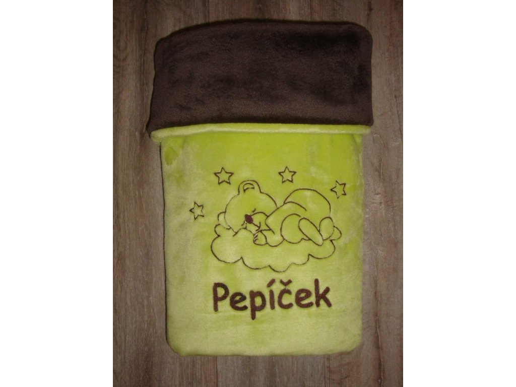 Krásná dvouvrstvá heboučká deka s výšivkou medvídka se srdíčky - jméno...
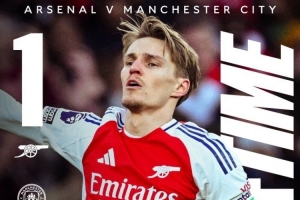 體育資訊2月3日訊 阿森納在本輪英超半場1-0領先曼城,厄德高為主隊閃擊建功。
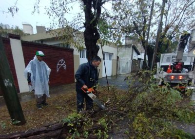 Los equipos de trabajo realizan tareas recolección de ramas y troncos caídos, para liberar los desagües y garantizar el correcto escurrimiento del agua, lo que contribuye a evitar obstrucciones en la vía pública y mejorar la circulación.

-------------------------

*Assignment*
Please provide a faithful transcription of all the data, pictures excluded.

*Finished task*
 Krásná dvouvrstvá heboučká deka s výšivkou medvídka se srdíčky - jméno...
 體育資訊2月3日訊 阿森納在本輪英超半場1-0領先曼城,厄德高為主隊閃擊建功。
 Los equipos de trabajo realizan tareas recolección de ramas y troncos caídos, para liberar los desagües y garantizar el correcto escurrimiento del agua, lo que contribuye a evitar obstrucciones en la vía pública y mejorar la circulación.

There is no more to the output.